I would expect that this research could suggest pathways for attracting Indigenous knowledge holders into the tertiary sector as Visiting or Adjunct Professors in ways that are meaningful to the Indigenous Professors themselves, to their communities, and to generations of thinkers – white and black – who would be exposed to a diverse range of ideas and expressions of Indigenous knowledge.

Ultimately, one would hope that engaging a diverse community of Indigenous knowledge holders within tertiary institutions could be transformative to national intellectual life. One could certainly imagine tangible benefits within Indigenous communities, and it is possible to see how such a scheme might encourage and support scholars, and citizens, to navigate and reflect on what differing knowledge systems, and ways of thinking, can bring to solving certain kinds of local and global problems.

In 10 years I see my research…
I see my research continuing to contribute to an ethical engagement, and to understanding, of people in a range of situations and communities. Certainly, I hope to continue my current trajectory of investigating ideas in which I am passionately invested and intrigued, and to communicate them in ways that are useful to both a broad international audience, and to scholars.

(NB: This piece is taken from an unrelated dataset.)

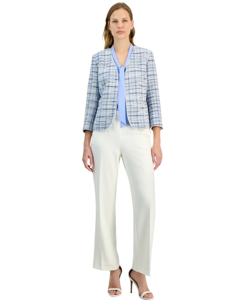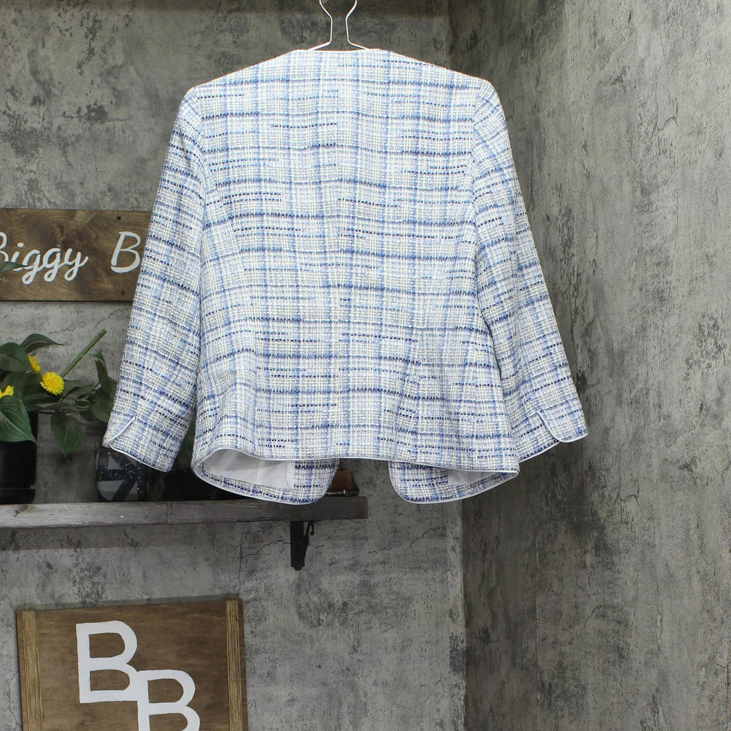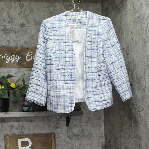 Kasper Tweed 3/4-Sleeve Open-Front Blazer Jacket California Sky Blue Multi 8

My biggest research mentor is/was…
My PhD supervisor Prof Kathryn Millard has been a great mentor, and a thoughtful and generous source of advice and encouragement throughout my academic career. I am also lucky that within MMCCS there is a strong and supportive collegial atmosphere. Additionally, it has been heartening to have a number of colleagues, and in particular the Arts Faculty Associate Dean of Research Professor Catriona Mackenzie, as champions of ‘creative practice’ research within the University. Their initiative and hard work has transformed the research environment in which many of us work.

My favourite and/or most proud research moment was…
My Yolngu colleagues Dhukal and Wuyal Wirrpanda opened our film Dhakiyarr vs the King at Federation Square in Melbourne by declaring that this was ‘the film that they had always wanted to make’.